Miller rejected automatism and reveled in the senses, filling his pages with a ripe smorgasbord of tastes, smells, sights and sounds, and the liberal use of naughty words in graphic sex scenes that snuffed the guilt out of sin.  Tropic of Cancer – and future Miller releases – were banned in the United States, but the response in France (where the book was first published) and among many readers of note generated enough sales to keep a roof over Miller’s head and helped fuel the enthusiasm that produced his next two novels, Black Spring and Tropic of Capricorn.     

Miller probably would have been content to stay in Paris, but World War II intervened.  He  came back to New York for a time, eventually to settle in Big Sur, California, where he got back to the land, married, fathered two more children, got divorced and re-married, hosted writers, artists and sundry admirers, and continued to write.

In 1958, the prestigious American Institute of Arts and Letters made Miller a member due to a “boldness of approach and intense curiosity concerning man and nature…unequalled in the prose literature of our time.”  Ironically, his major works were still banned in America at the time, but a quantum leap in free expression was right around the corner.  In 1961, at the age of 70, Miller received his biggest paycheck ever when Grove Press handed over a $50,000 advance for three novels with every intent of banking on Miller's underexposed ouvre.  Three years later, in June of 1964, Tropic of Cancer finally beat the censors in the Grove Press, Inc., v. Gerstein U.S. Supreme Court ruling, thirty years after the book's initial release in France. 
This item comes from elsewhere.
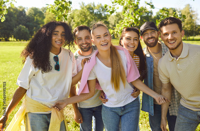 Young friends, diverse group of young people together fun, posing for team photo enjoying happy and friendly outdoor sunny day walking in green grassy park, relaxed and joyful atmosphere, celebrating
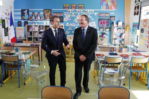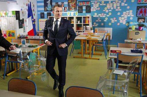 French President Emmanuel Macron walks in a classroom before a televised interview in Berd'huis, south of Paris, Thursday, April 12, 2018. Macron is appearing on national television Thursday to respond to the daily concerns of the French and defend his economic policies and tax changes, which he says are aimed at modernizing the country. (Yoan Valat, Pool via AP)

Miller spent his remaining years in Pacific Palisades, California, where he continued to read and write, paint and show his watercolors, ride his bike, and entertain guests until the ripe age of 88. 

---

What about posterity?  Will Henry Miller last?    

Though he joked of writing for posterity, and graciously kept nearly everything he ever produced for future scholars, biographies and articles about Henry Miller have been rare.  His red-blooded, pre-p.c. sensibility hasn't endeared him to most feminists and elements of the academic left, and he’s too frequently pigeonholed as a writer of dirty books, a la Charles Bukowski, because detractors seek a neat categorical slot in which to stuff his work.  As of 2007, when this article was originally published, even Miller's library in Big Sur refused to look back; verbiage on its website said, “It is not a library where you can borrow books, it is not a memorial with dusty relics, it is not a fully stocked bookstore, it is not a trinket store where you’ll find a large selection of glossy photographs of the coast, t-shirts, mugs and baseball caps. It is not Henry Miller’s old home (that was four miles down the road on Partington Ridge), it is not originally built to be a public place.”    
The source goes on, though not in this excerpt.